→ Directions for this task
Omit all pictures and transcribe only the lines in the entries below that run from the line with "O menor preço" through the line with "Essafe 10 Adet".

→ Given records

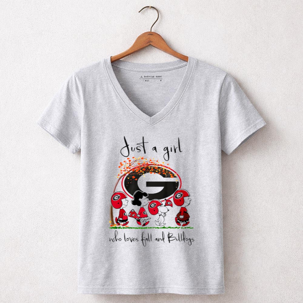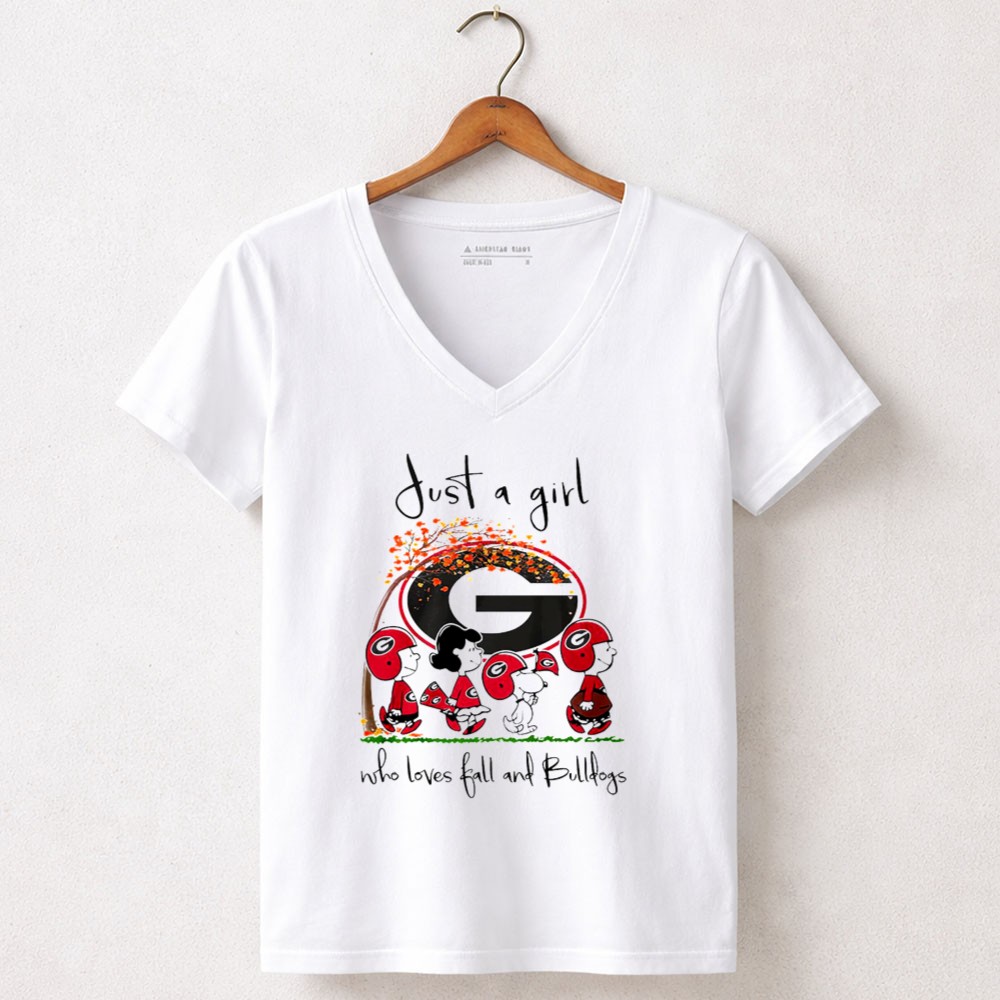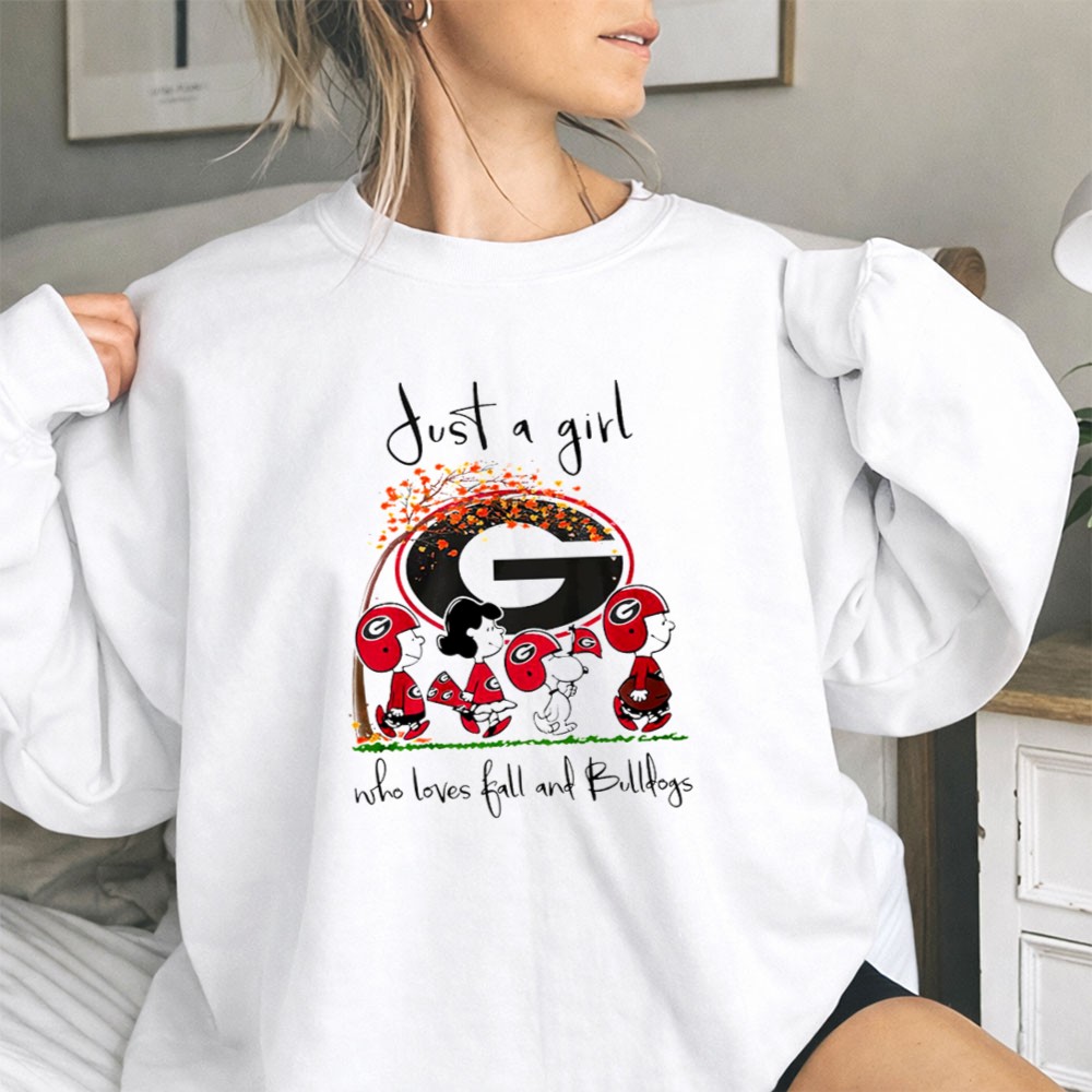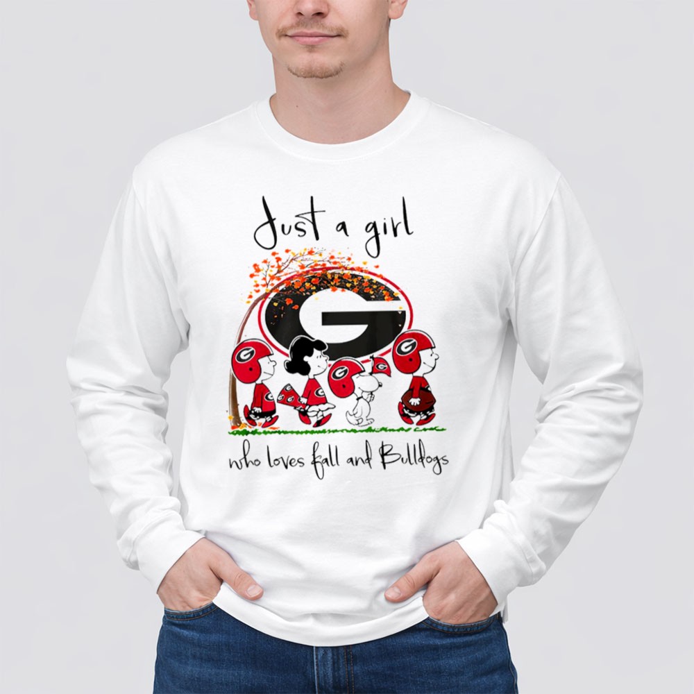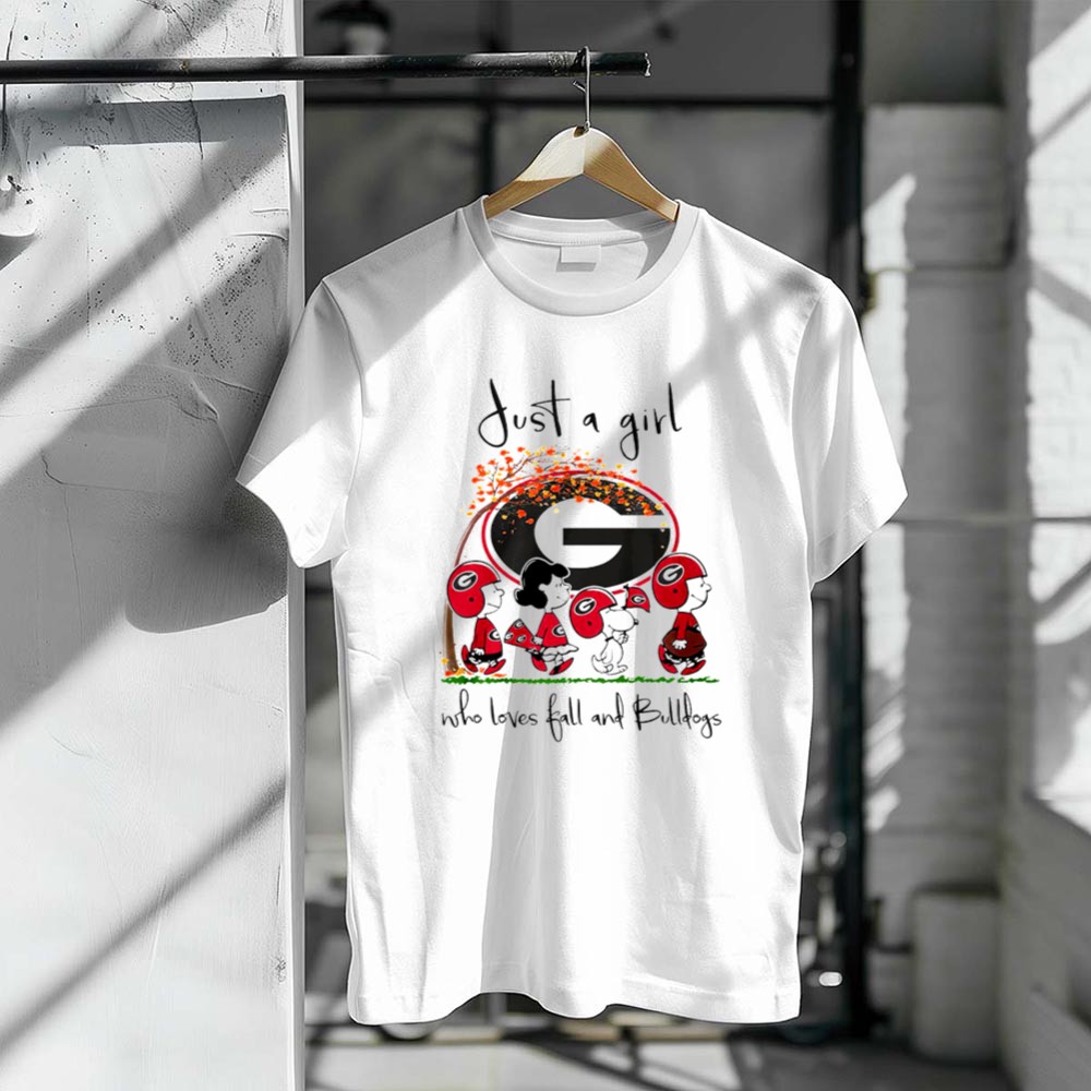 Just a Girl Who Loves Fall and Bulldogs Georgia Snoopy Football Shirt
* * *
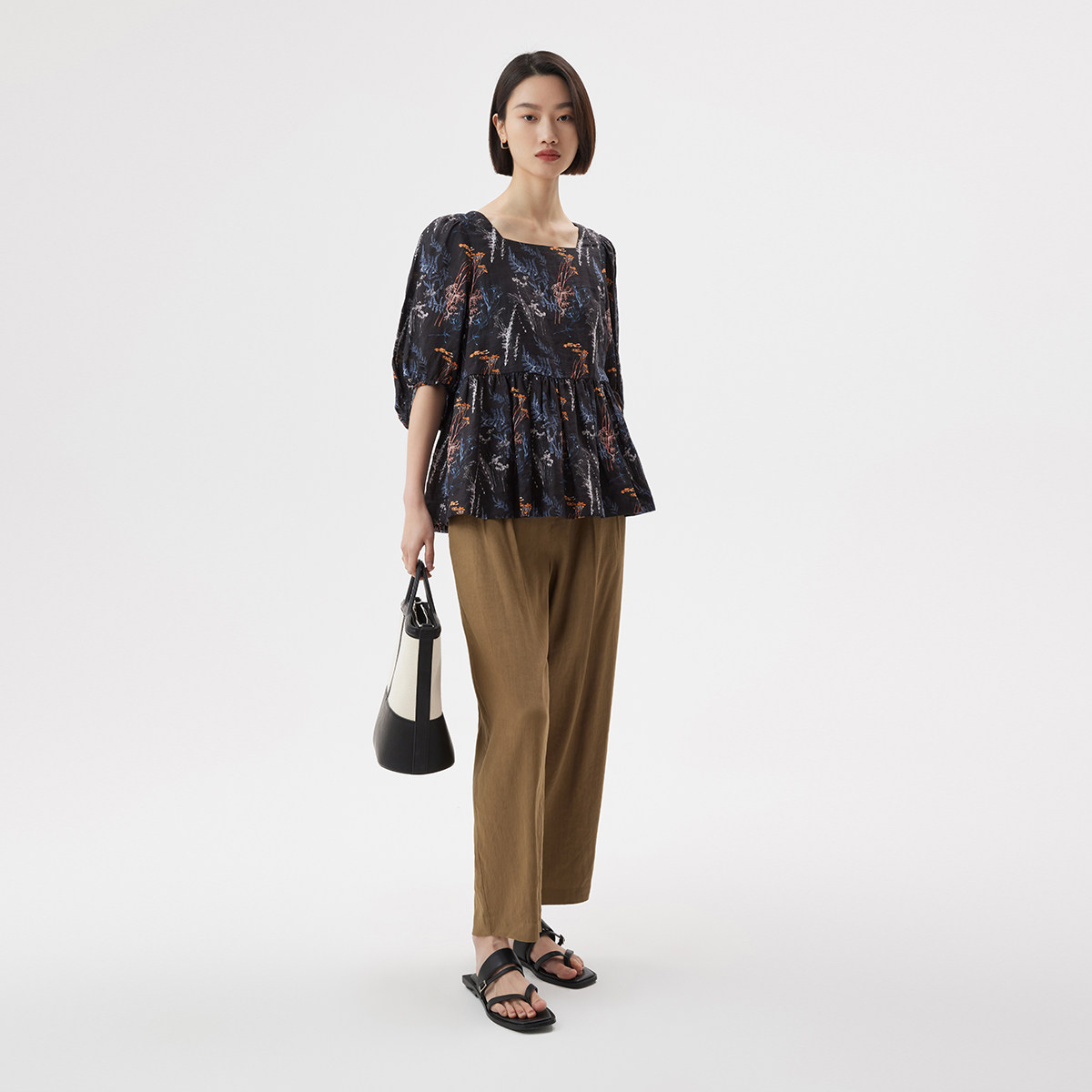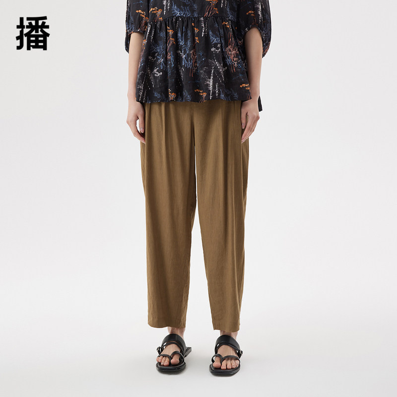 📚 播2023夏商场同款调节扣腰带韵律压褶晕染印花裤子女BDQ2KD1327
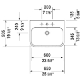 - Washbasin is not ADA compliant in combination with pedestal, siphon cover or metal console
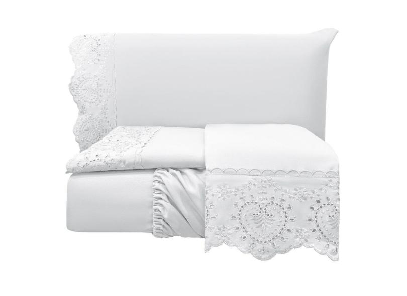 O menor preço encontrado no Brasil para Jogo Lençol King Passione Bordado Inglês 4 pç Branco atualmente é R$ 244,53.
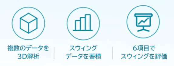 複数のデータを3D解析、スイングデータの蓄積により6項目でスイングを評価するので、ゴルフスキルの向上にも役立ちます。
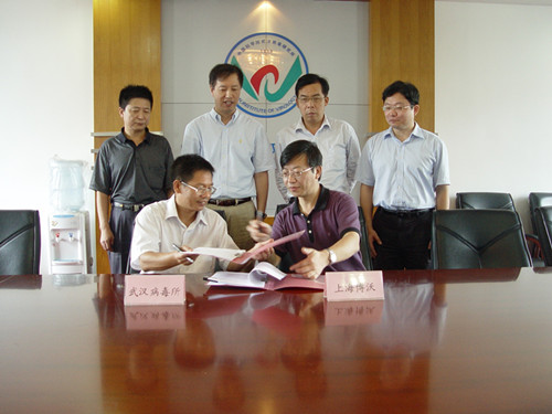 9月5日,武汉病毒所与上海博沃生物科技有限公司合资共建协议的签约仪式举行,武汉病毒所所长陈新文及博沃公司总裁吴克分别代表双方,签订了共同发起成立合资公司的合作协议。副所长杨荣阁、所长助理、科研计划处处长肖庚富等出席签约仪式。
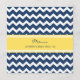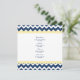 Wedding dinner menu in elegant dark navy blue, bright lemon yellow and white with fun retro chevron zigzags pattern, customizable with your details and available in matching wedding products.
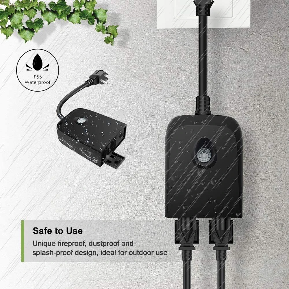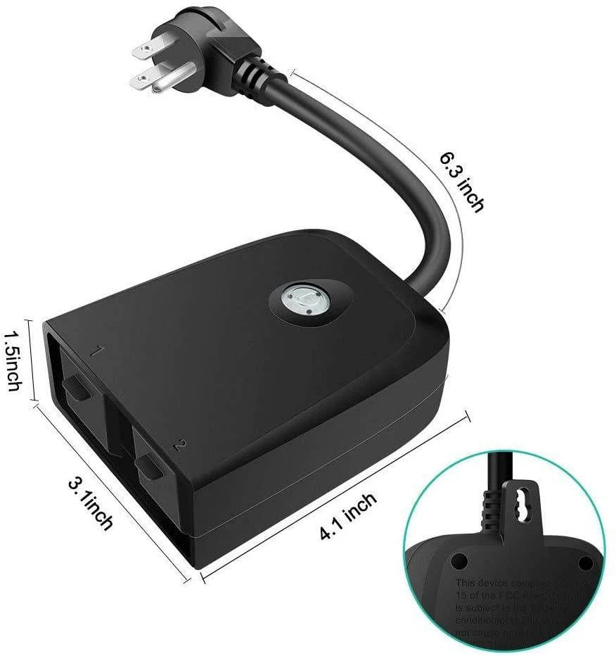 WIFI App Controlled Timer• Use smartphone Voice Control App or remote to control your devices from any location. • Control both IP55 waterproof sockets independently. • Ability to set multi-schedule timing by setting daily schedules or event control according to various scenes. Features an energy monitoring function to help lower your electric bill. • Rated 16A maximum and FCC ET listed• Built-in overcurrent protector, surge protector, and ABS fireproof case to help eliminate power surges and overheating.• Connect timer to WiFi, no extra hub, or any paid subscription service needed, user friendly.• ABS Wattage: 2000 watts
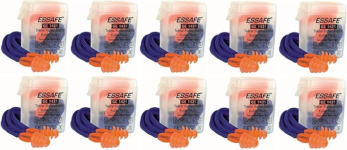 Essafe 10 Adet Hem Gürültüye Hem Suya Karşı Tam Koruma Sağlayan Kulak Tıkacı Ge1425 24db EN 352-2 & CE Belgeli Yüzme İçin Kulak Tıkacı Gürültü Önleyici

→ Written response
 O menor preço encontrado no Brasil para Jogo Lençol King Passione Bordado Inglês 4 pç Branco atualmente é R$ 244,53.
 複数のデータを3D解析、スイングデータの蓄積により6項目でスイングを評価するので、ゴルフスキルの向上にも役立ちます。
 9月5日,武汉病毒所与上海博沃生物科技有限公司合资共建协议的签约仪式举行,武汉病毒所所长陈新文及博沃公司总裁吴克分别代表双方,签订了共同发起成立合资公司的合作协议。副所长杨荣阁、所长助理、科研计划处处长肖庚富等出席签约仪式。
 Wedding dinner menu in elegant dark navy blue, bright lemon yellow and white with fun retro chevron zigzags pattern, customizable with your details and available in matching wedding products.
 WIFI App Controlled Timer• Use smartphone Voice Control App or remote to control your devices from any location. • Control both IP55 waterproof sockets independently. • Ability to set multi-schedule timing by setting daily schedules or event control according to various scenes. Features an energy monitoring function to help lower your electric bill. • Rated 16A maximum and FCC ET listed• Built-in overcurrent protector, surge protector, and ABS fireproof case to help eliminate power surges and overheating.• Connect timer to WiFi, no extra hub, or any paid subscription service needed, user friendly.• ABS Wattage: 2000 watts
 Essafe 10 Adet Hem Gürültüye Hem Suya Karşı Tam Koruma Sağlayan Kulak Tıkacı Ge1425 24db EN 352-2 & CE Belgeli Yüzme İçin Kulak Tıkacı Gürültü Önleyici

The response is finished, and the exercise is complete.